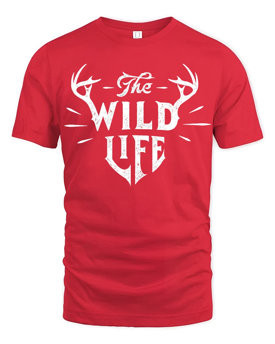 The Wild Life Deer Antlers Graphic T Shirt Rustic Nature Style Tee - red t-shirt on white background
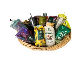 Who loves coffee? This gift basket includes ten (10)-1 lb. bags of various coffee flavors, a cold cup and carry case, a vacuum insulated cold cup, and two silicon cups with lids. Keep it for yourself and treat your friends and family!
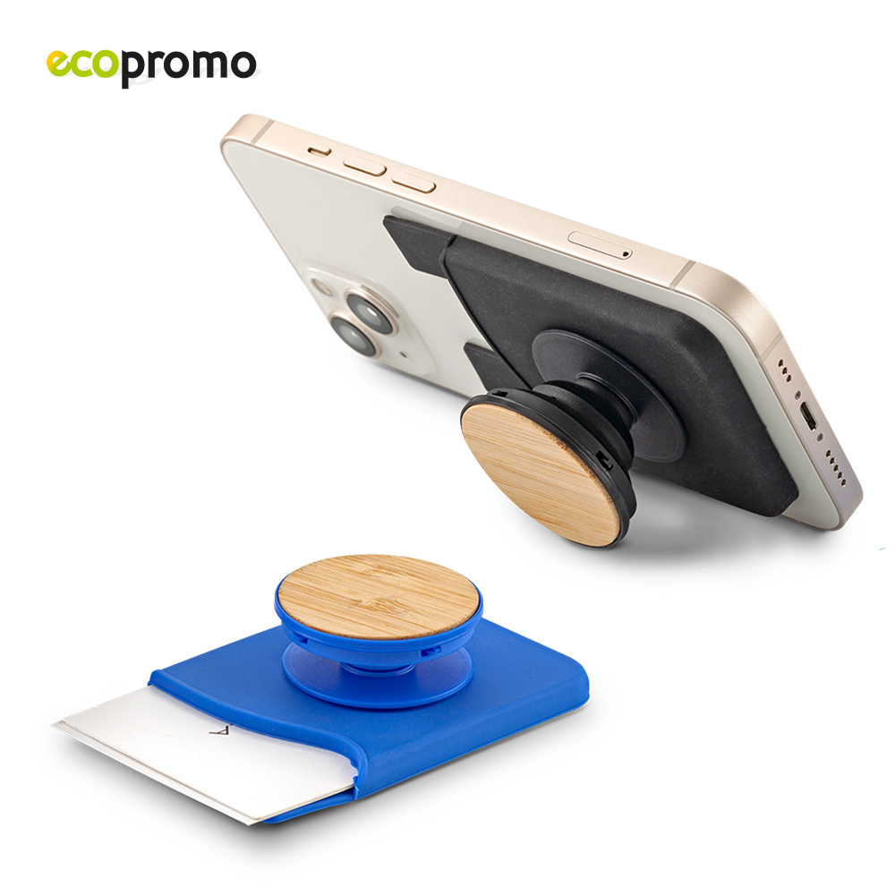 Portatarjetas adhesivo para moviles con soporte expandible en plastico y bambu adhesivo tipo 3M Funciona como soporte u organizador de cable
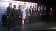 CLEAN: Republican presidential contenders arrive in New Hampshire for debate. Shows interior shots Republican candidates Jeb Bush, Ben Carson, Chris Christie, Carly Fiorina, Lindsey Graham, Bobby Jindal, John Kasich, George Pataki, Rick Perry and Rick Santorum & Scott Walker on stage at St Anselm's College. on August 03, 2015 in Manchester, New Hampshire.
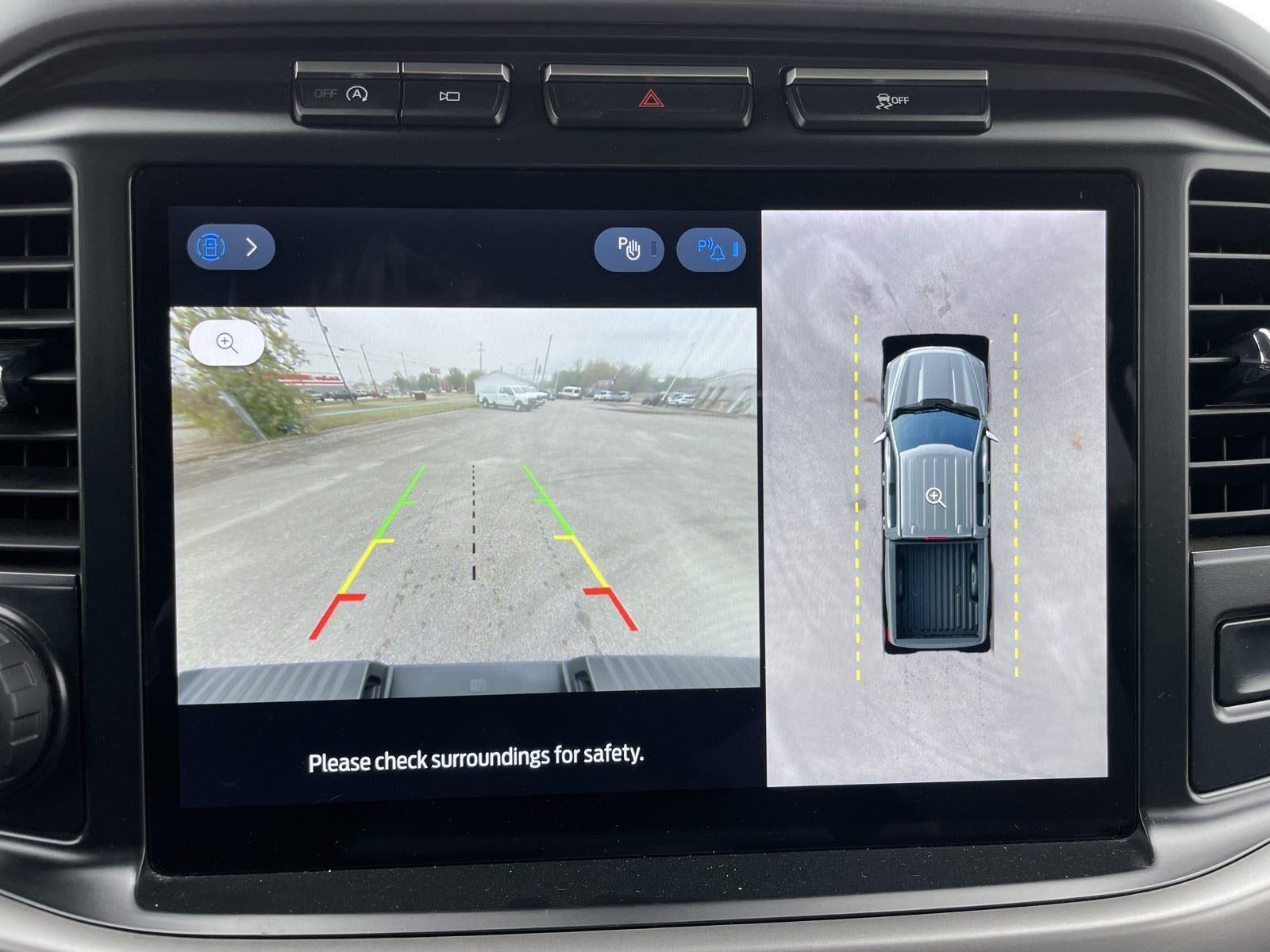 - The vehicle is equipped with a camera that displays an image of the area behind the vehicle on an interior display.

Directions →
Your copy should match every entry above exactly and contain no pictures.

Response to this task →
 The Wild Life Deer Antlers Graphic T Shirt Rustic Nature Style Tee - red t-shirt on white background
 Who loves coffee? This gift basket includes ten (10)-1 lb. bags of various coffee flavors, a cold cup and carry case, a vacuum insulated cold cup, and two silicon cups with lids. Keep it for yourself and treat your friends and family!
 Portatarjetas adhesivo para moviles con soporte expandible en plastico y bambu adhesivo tipo 3M Funciona como soporte u organizador de cable
 CLEAN: Republican presidential contenders arrive in New Hampshire for debate. Shows interior shots Republican candidates Jeb Bush, Ben Carson, Chris Christie, Carly Fiorina, Lindsey Graham, Bobby Jindal, John Kasich, George Pataki, Rick Perry and Rick Santorum & Scott Walker on stage at St Anselm's College. on August 03, 2015 in Manchester, New Hampshire.
 - The vehicle is equipped with a camera that displays an image of the area behind the vehicle on an interior display.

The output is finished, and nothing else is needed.